Childless, loveless, friendless, alone — she decayed in a maelstrom of exhaustion, uncontrolled crying, piercing headaches, recurring infections, hair loss, eczema, and auditory hallucinations.

Her lonely descent to death’s doorstep had lasted three bone-numbing decades. Tonight, she had reached the last rung. A thin, blonde nurse with a kind face gently stabbed an anesthetic needle into to the top of Madam Advisor’s wrinkled, wasted hand, a needle made from recycled metal, metal that contained two atoms of iron from the shell casing that fired a final bullet into Adolf Hitler’s temple in Berlin in 1945. Madam Advisor’s rotating glass eyes stilled. Her worn out mouth closed and she appeared to be thinking. Her breaths came further and further apart as her mind assembled her last full thought. It was a thought about the Lord, a Lord whom she adored, a Lord whom she looked forward to finally meeting. She spoke to him in her head in devoted and loving tones, reminding him of the dire sacrifices that she had made in his cause. “Dear Lord Jesus Christ, I did all I could to follow your hallowed teachings, up to and including giving my all to your Doctrine of Preemptive Strike. That’s in the Gospel, isn’t it? Yes, I know it is, for I have given myself to you. And thank you, Lord Jesus, for loving me so.”
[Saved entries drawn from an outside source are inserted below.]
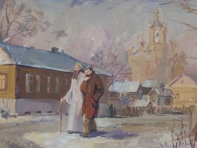 Разговор о Боге. Павел Бажов и настоятель Покровского собора Сергей Увицкий. Акварель Екатерины Куликовой, ДШИ №5 Екатеринбурга, преподаватель Е.В. Барышева, прихожанка Покровского собора
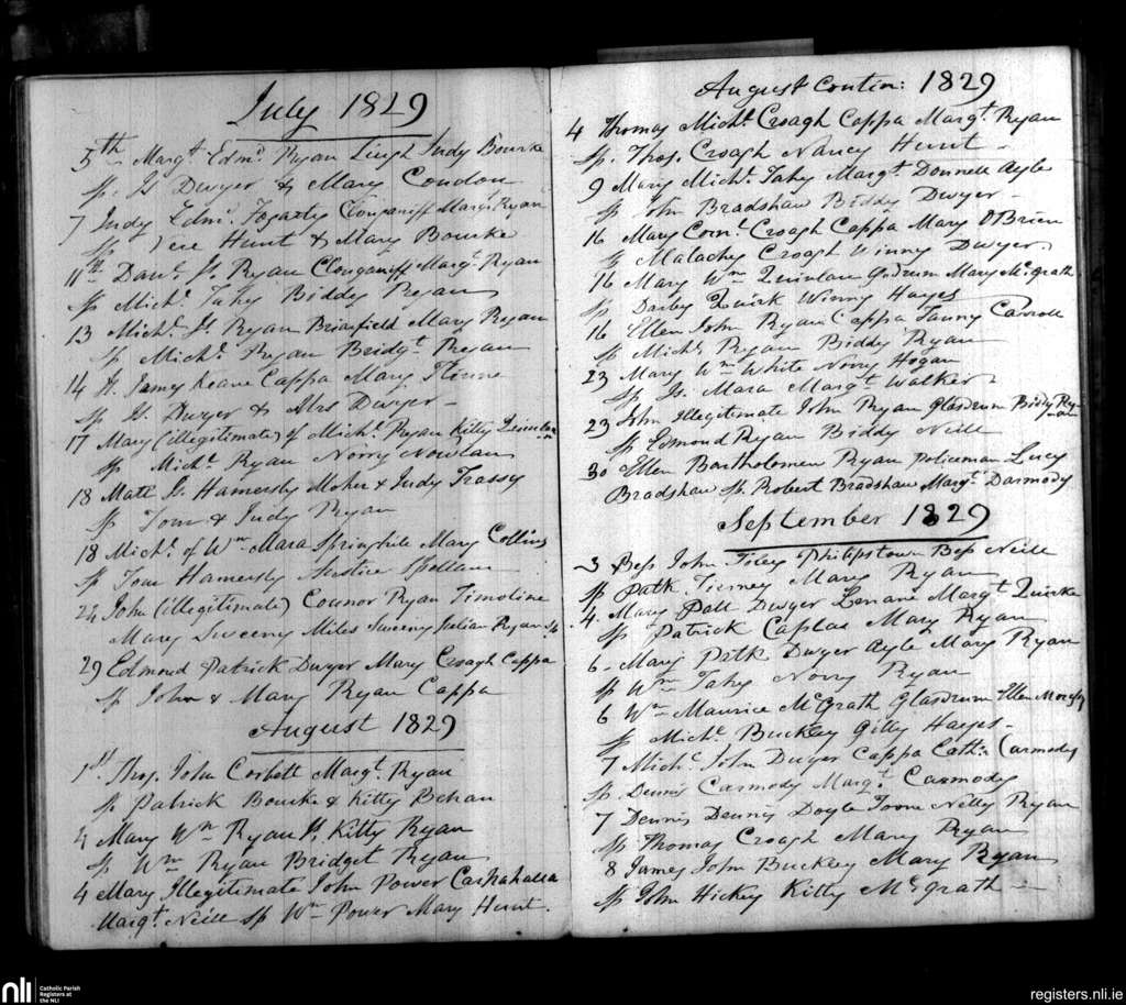 Cappawhite; County of Tipperary; Diocese of Cashel and Emly. Baptisms, July 1829 to Sep. 1829
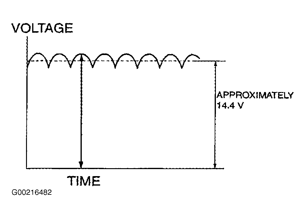 The generator output voltage rises as the field current increases and it falls as the field current is cut off. When the battery positive voltage (generator S-terminal voltage) reaches a regulated voltage of approximately 14.4V, field current is cut off. when battery positive voltage drops below the regulated voltage, voltage regulator regulates the output voltage to a constant level by controlling the field current.
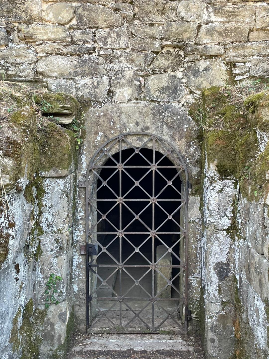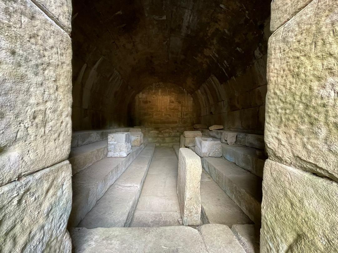 Un breve corridoio a cielo aperto (dromos) conduce alla porta, in origine costituita da due lastroni di travertino muniti di cardini, due gradini, in gran parte originari, consentono quindi di accedere alla camera sepolcrale. L’accesso è a tutto sesto con un alto architrave arcuato e dal profilo irregolare. Oltrepassato questo si entra in un unico ambiente la cui copertura è costituita da una volta a botte, realizzata con blocchi di pietra regolari disposti in filari nel senso della profondità della tomba, a formare un perfetto semicerchio. Immediatamente prima della soglia di ingresso è visibile un foro per il deflusso delle acque, un altro, corrispondente, è nel primo lastrone del piano pavimentale. Entrambi servivano per convogliare le acque in un vano di raccolta sotterraneo, in corrispondenza dell’ingresso.
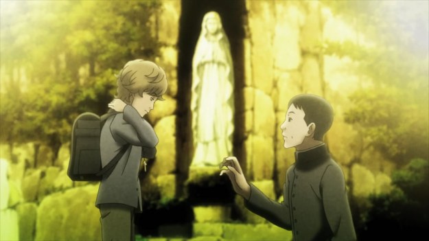 And both guys come from troubled childhoods. Both guys had difficulty making friends. Both guys were abandoned by their fathers. So is this the reason that Sentaro has turned the “father which art in heaven?” Will Kaoru find salvation in the same embrace of the Lord? I’m not a Christian (or remotely religious), but sin and redemption fascinate me. The last time I wrote about Sakamichi no Apollon, I hinted that I would compare the anime to Haibane Renmei. Unfortunately, it’s still a bit too early for that, I think, but I do want to make a quick observation on Sentaro’s behavior.
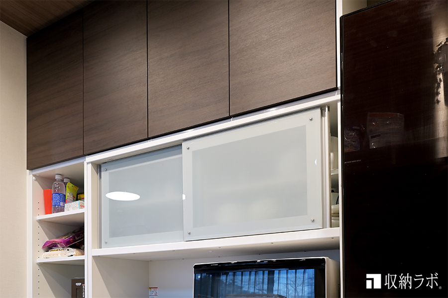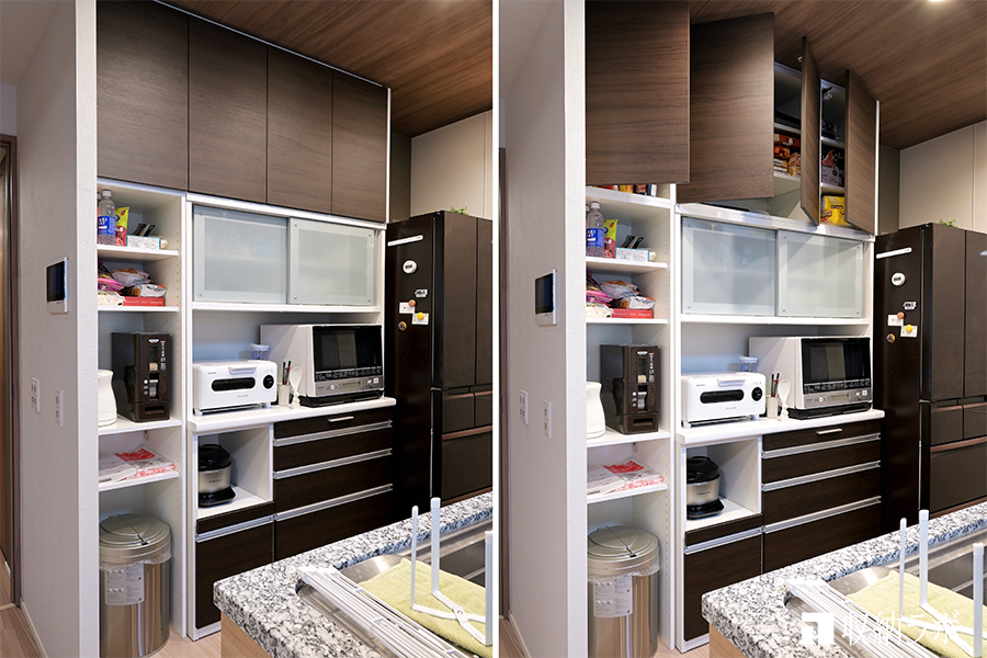 そこで、食器棚の上に吊戸棚、左側にオープンな収納棚を設置することを提案させていただきました。食器棚をすっぽりと囲むような設計になっています。

Her mind lost words forever behind a drape of sounds and tastes and scents and colors and she heard an antique piano recital playing along side a mix of proud parental pronouncements, affirmations that seeded a limitless ambition into her child’s heart and then…a crimson moment of searing, ripping anguish swept through her Universe and she thought that she heard a distant Echo approach and speed over her like a screaming war plane…I never knew you...It said…and vanished. Her tired lungs nudged away air one last time. At that moment, a moment without Time and outside of Space, a dozen dutiful angels stood around Madam Advisor in a perfectly symmetrical ring. They cycled about her seven times as she gasped last. Not one angel fluttered even a feather to relieve a single pang of her mammoth agony.